One of the notable features of the cosine function is its even nature. This means that it is symmetric about the y-axis, which is mathematically represented as \( \cos(-x) = \cos(x) \). This property greatly simplifies mathematical problems, especially when negative angles come into play.
Cosine is also involved in the sum-to-product identities, which help in simplifying expressions like \( \cos 5t + \cos 8t \). Understanding how the cosine function behaves and how it relates to angles is key to dissecting and solving trigonometric problems efficiently.

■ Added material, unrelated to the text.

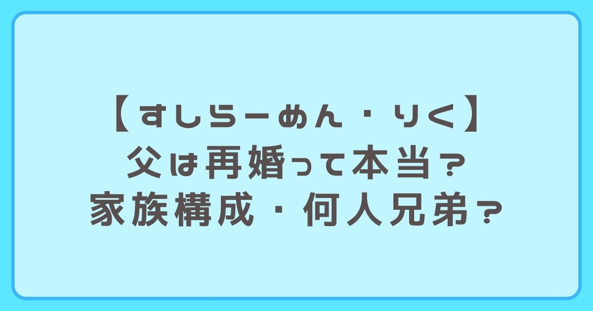 今回は、すしらーめん・りくさんの父は再婚って本当なのか、家族構成や兄弟が何人かについても紹介してきました。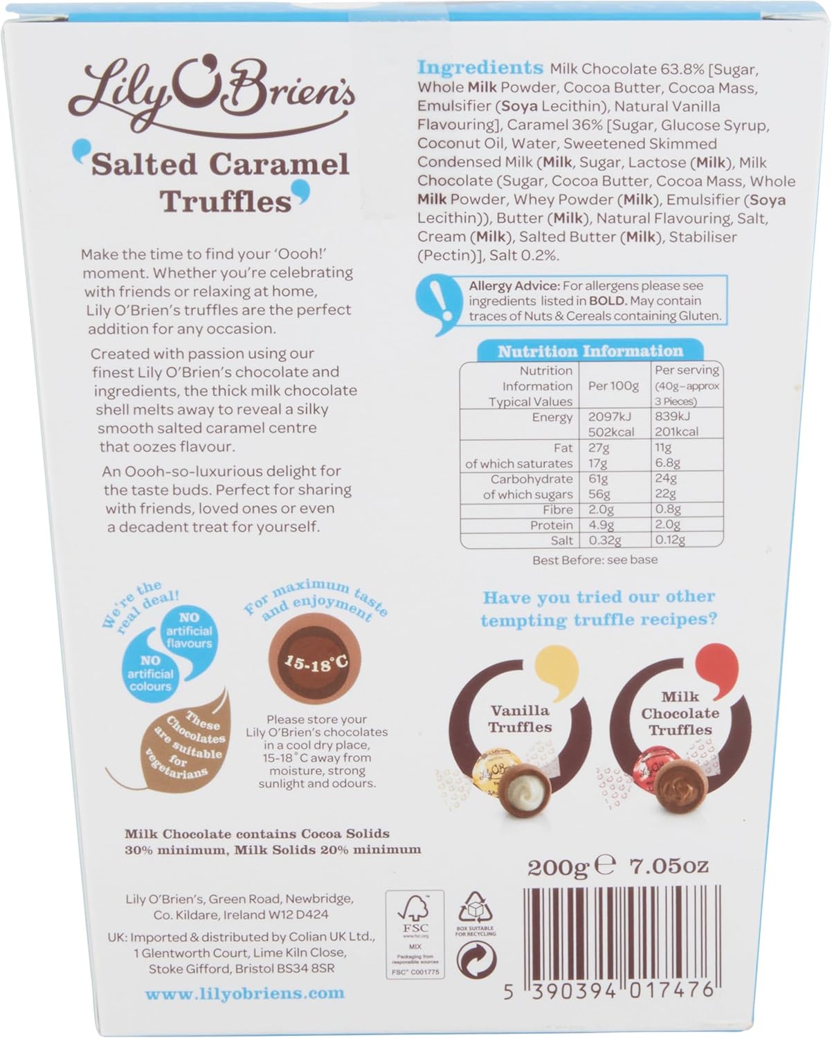 Lily O'Brien'S Milk Chocolate Truffles - Thick Milk Chocolate Shell That Gives Way To A Luxuriously Smooth Centre - Share, Gift Or A Treat. Birthday, Thank You, Christmas

The negative angle property of trigonometric functions is a pivotal concept that facilitates simplification of intricate expressions. For cosine, this property tells us that \( \cos(-x) = \cos(x) \). This evenness of cosine is a direct consequence of its symmetric graph about the y-axis.
When dealing with negative angles, this property helps reduce expressions involving \( \cos \left( \frac{-3t}{2} \right) \) to \( \cos \left( \frac{3t}{2} \right) \), as shown in the given solution. Instead of computing trigonometric values for negative angles separately, this property allows us to transform them into their positive counterparts, streamlining the calculation process.
This simplification not only makes solving equations easier, but it also supports better understanding of the cyclic, symmetric nature of the cosine function, nurturing a deeper comprehension of trigonometric functions.